| MATERIAL FOR THIS EXERCISE |

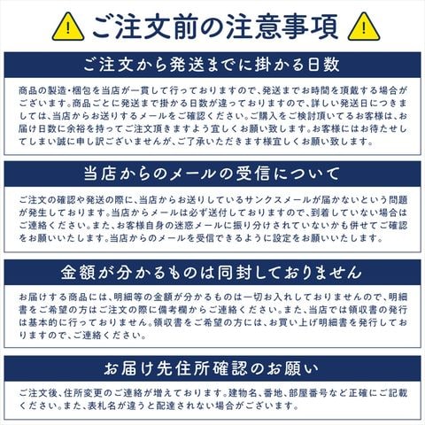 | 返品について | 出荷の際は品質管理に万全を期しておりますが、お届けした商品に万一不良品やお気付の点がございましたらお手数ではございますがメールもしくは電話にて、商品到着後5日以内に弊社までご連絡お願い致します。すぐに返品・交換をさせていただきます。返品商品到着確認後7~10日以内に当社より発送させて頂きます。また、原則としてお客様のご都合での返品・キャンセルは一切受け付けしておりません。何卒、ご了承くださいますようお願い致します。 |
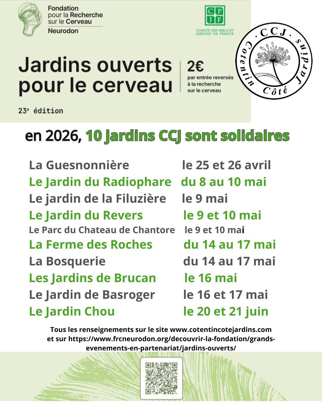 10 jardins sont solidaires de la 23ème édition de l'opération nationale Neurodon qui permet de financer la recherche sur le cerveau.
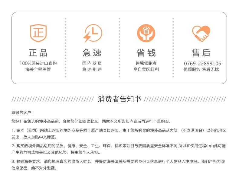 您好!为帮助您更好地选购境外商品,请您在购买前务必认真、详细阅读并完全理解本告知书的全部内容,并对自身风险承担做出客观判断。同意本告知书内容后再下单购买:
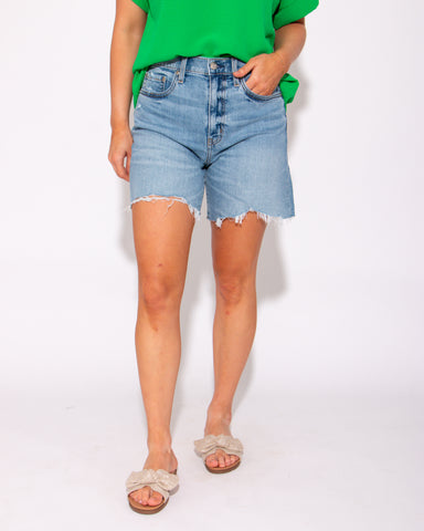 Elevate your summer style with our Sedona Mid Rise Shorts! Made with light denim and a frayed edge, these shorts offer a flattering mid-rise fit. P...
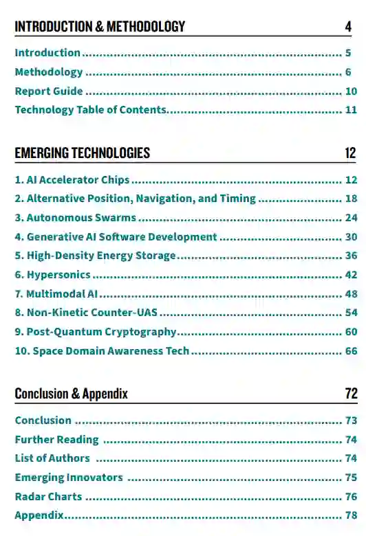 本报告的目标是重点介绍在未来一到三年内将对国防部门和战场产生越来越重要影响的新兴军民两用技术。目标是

* * *

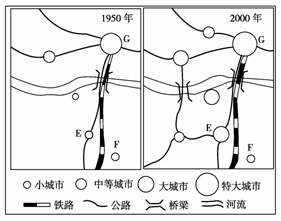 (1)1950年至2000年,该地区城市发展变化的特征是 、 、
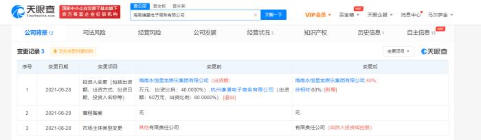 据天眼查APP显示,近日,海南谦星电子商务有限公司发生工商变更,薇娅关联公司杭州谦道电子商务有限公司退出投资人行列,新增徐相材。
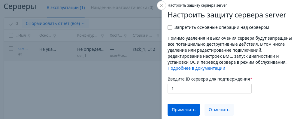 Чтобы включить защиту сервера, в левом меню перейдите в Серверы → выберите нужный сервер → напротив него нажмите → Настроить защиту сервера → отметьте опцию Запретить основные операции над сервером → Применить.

| GOAL OF THE EXERCISE |
What lines above run from the one with "您好!为帮助您更好地选购境外" to the one with "本报告的目标是重点介绍在未来"? Give them again exactly, ends included, and leave the pictures out.

| EXERCISE RESULT |
 您好!为帮助您更好地选购境外商品,请您在购买前务必认真、详细阅读并完全理解本告知书的全部内容,并对自身风险承担做出客观判断。同意本告知书内容后再下单购买:
 Elevate your summer style with our Sedona Mid Rise Shorts! Made with light denim and a frayed edge, these shorts offer a flattering mid-rise fit. P...
 本报告的目标是重点介绍在未来一到三年内将对国防部门和战场产生越来越重要影响的新兴军民两用技术。目标是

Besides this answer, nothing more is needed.